By Steven Beck, Head of Trade and Supply Chain Finance Program, Asian Development Bank
We’re living through a critical inflection point in the history of trade and supply chains. While the gap between supply and demand for trade finance is growing, so is the need to shore up trade and supply chains. We need stronger and more resilient supply chains, both to fix current weaknesses and better handle the challenges to come.
The Asian Development Bank’s “2021 Trade Finance Gaps, Growth and Jobs Survey” estimated the trade-finance gap grew to $1.7 trillion in 2020 from $1.5 trillion in 2018. Since then, inflation has eaten away at lending limits, meaning that the gap has likely grown significantly. ADB’s Economics Department estimates the global gap—the difference between companies’ demand for financing to support their import/export activities and the sum committed—has grown to at least $2 trillion.
It is important that the finance industry as a whole works to lower that gap, especially regarding facilities to support food- and agriculture-related imports. Inflation in food has called into question food security, which is a big concern. Enhancing limits to compensate for the impact of inflation on available credit limits, especially for food, should be seriously considered by the financial industry. Credit losses for short-term trade finance in food are extremely low, as evidenced by the International Chamber of Commerce (ICC) Trade Register1, which ADB helped establish more than 10 years ago.
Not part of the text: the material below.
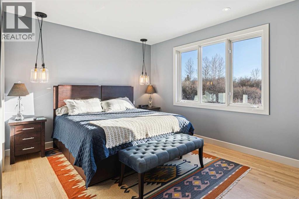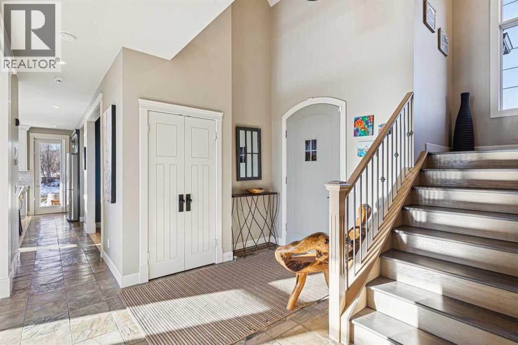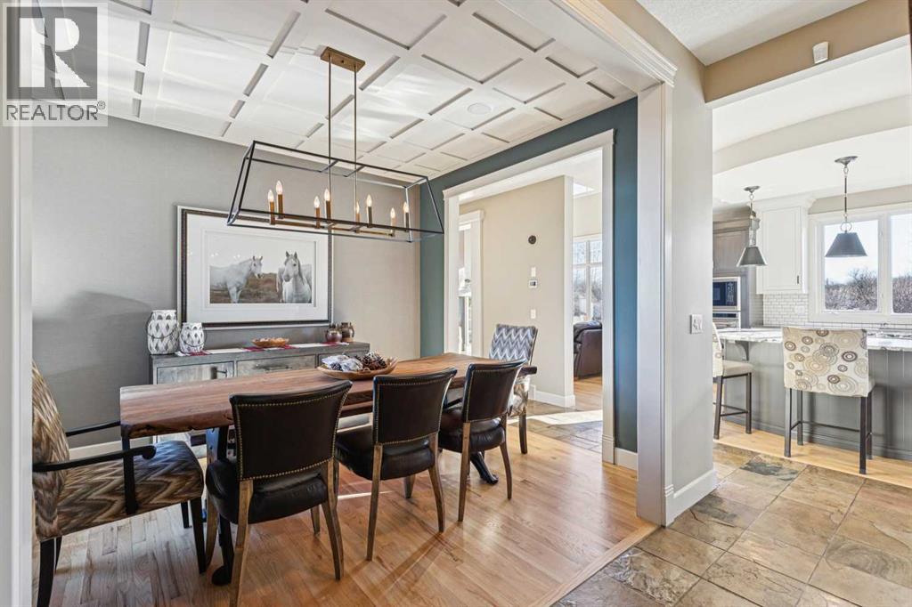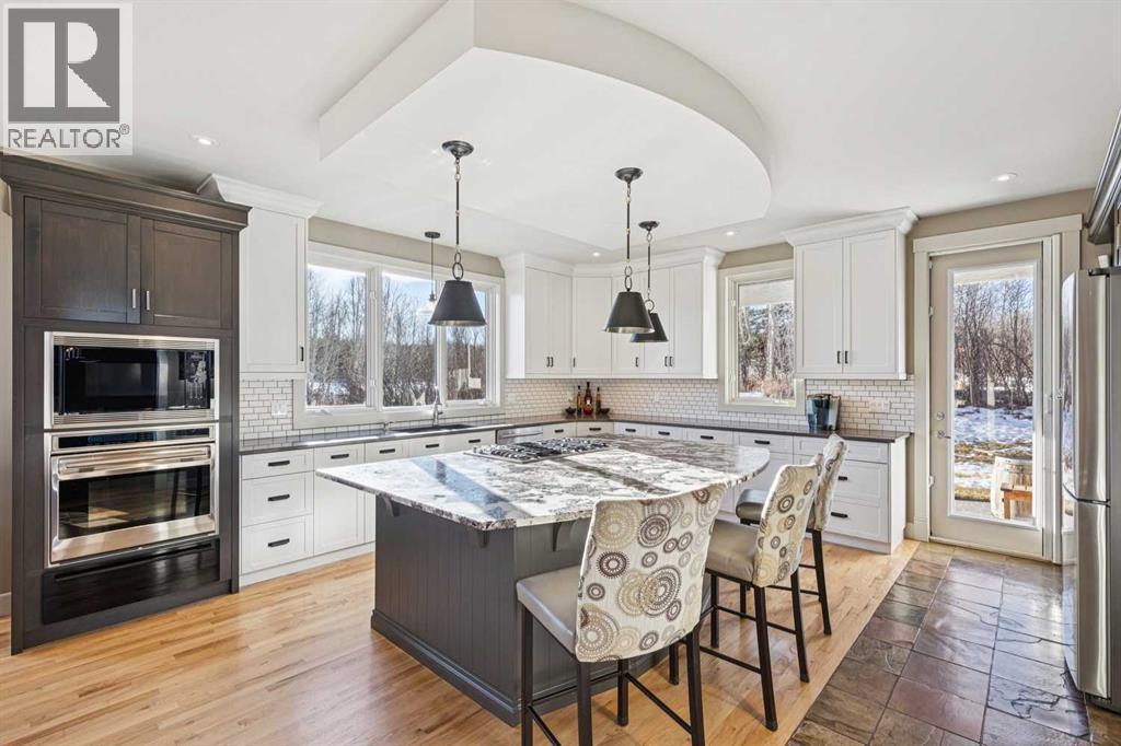 The French countryside awaits you in this spectacular 2,900 square foot one and one-half storey bungalow on a two-acre lot in the three-time award-winning “Canada Community of the Year”, Elbow Valley. Nestled in the Elbow River Valley, just west of Calgary, this prestigious community offers genuine estate living alongside unrivalled amenities. This beautifully upgraded and renovated home offers a dramatic open staircase, two storey foyer and great room ceilings, refinished quality hardwood floors throughout the main floor, staircases, and upper level. The professionally renovated kitchen was expanded and features shaker-style cabinets with soft- close doors, quality Wolf and JennAir stainless steel appliances, a feature center island with a special one-piece curved leather-finished granite cooktop. The formal dining room, warm and inviting with its coffered ceilings and hardwood floors, is perfect for entertaining. The main floor primary bedroom features a walk-through closet with custom built-ins and a luxurious ensuite bathroom that has heated porcelain tile floors, 10-mil glass shower, quartz vanity countertops, and double sinks. Overlooking the great room below, the upstairs boasts two large bedrooms, each with a full ensuite bath, walk-in closets, and incredible views. Professional walkout basement development is perfect for the mature family with a billiards/games room, a family room with a built-in entertainment center, a custom bar, a second fireplace, a full bath, two more bedrooms with new flooring, and multiple storage spaces to utilize by design. No-maintenance landscaping designed to blend into the natural surroundings features an exposed aggregate patio, a dry creek bed, a continuous curb, a natural Rundlestone exterior, and total privacy. Oversized triple attached heated garage with a developed 300 sq. ft. bonus room, perfect for a man cave, home office, or storage. Walk-up staircase to the garage, slab heating in the basement, upgraded mechanical, a nd 200-amp service. A blend of smooth-finished and knocked down stipple ceilings, renovated baths, upgraded lighting, solid core doors, nine-foot ceilings, laundry on the main and upper levels, clad windows in good condition, with three new triple pane windows added. From its sweeping views and prime location to its thoughtful design and upgrades, this beautiful Elbow Valley home is an absolute must-see! (31537358)
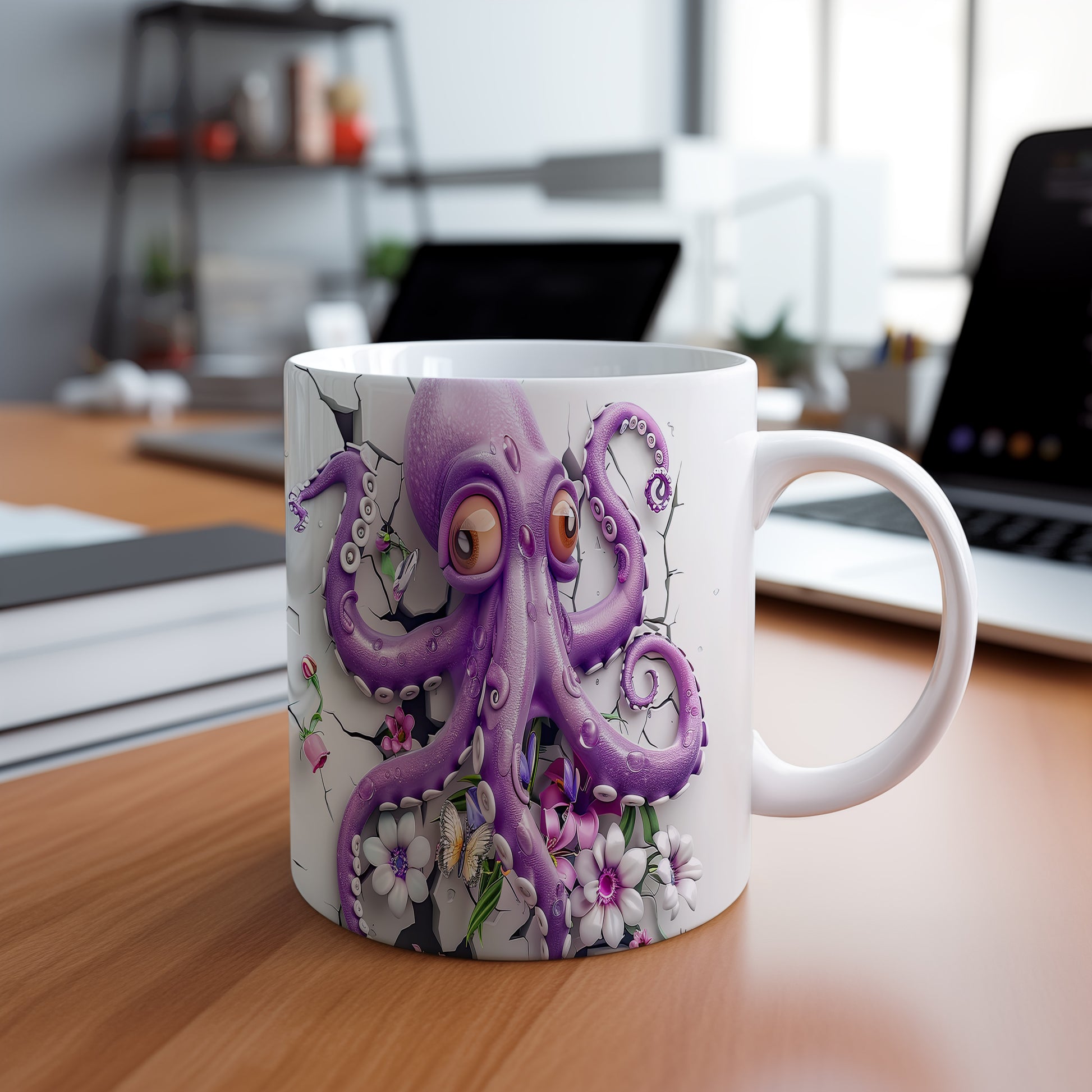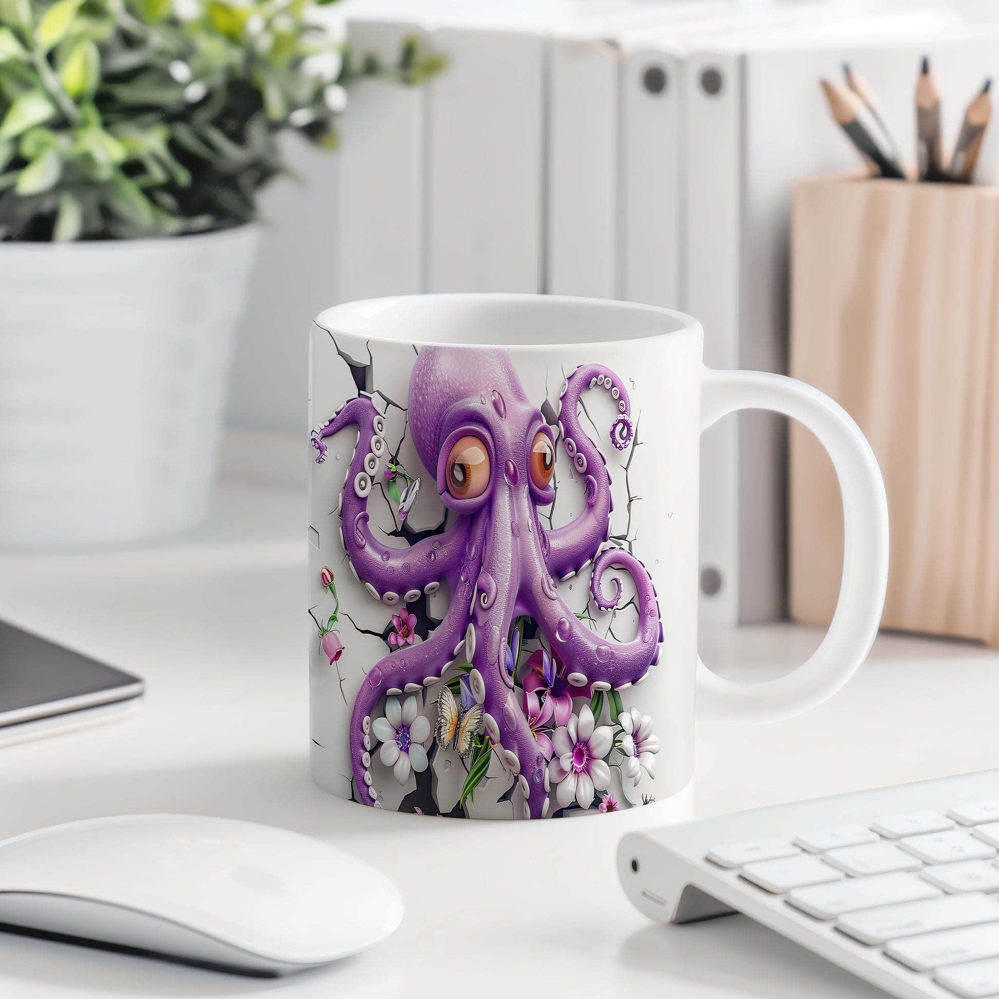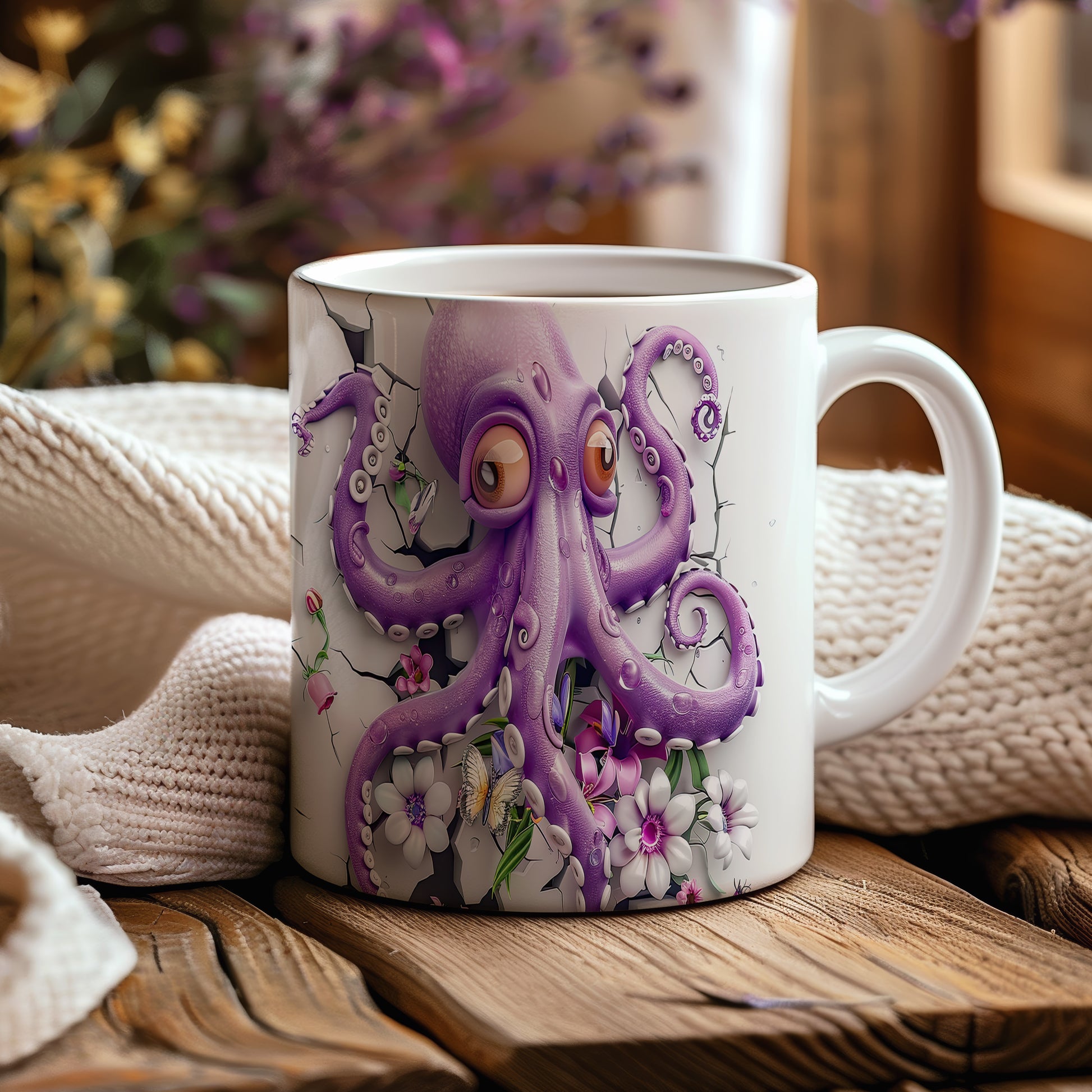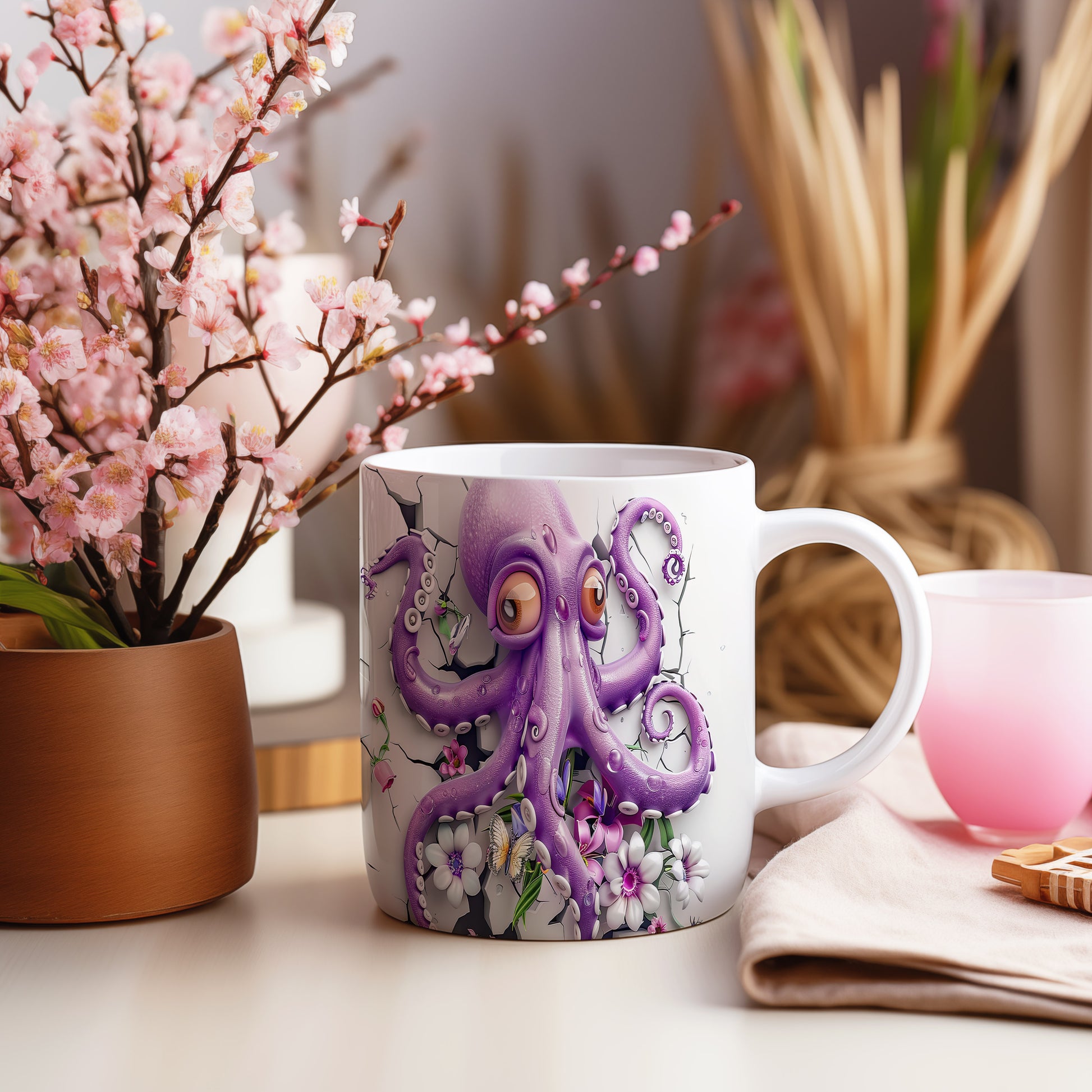 Hrnek s fialovou chobotnicí a květinami

So, increasing these limits—180-day credit facilities for food imports in emerging markets—is a reasonable consideration for the private sector.
As the pandemic showed, significant gaps in global trade and supply chain strength and resiliency must be fixed. This task isn’t just a simple upgrade to fix a few problems. It represents an opportunity to dig deep into the global trading system for solutions to other problems as well. Those responsible for the various industries that rely on or operate within global supply chains were already aware of the fragility of the global trading system before the pandemic. Efforts to offset those deficiencies had been ongoing before the first case was recognized.
The spotlight that the pandemic shone on supply chains has now added to the urgency of those efforts. What’s more, it has highlighted the opportunity to use trade and supply chains to improve a range of vitally important issues. The pandemic is like a line in time, with a clear “before” and “after” the changes it wrought—changes that continue today. Now that we are hopefully emerging on the other side of that line in time, the pandemic can be a marker for the moment we started to get serious about the list of challenges we face.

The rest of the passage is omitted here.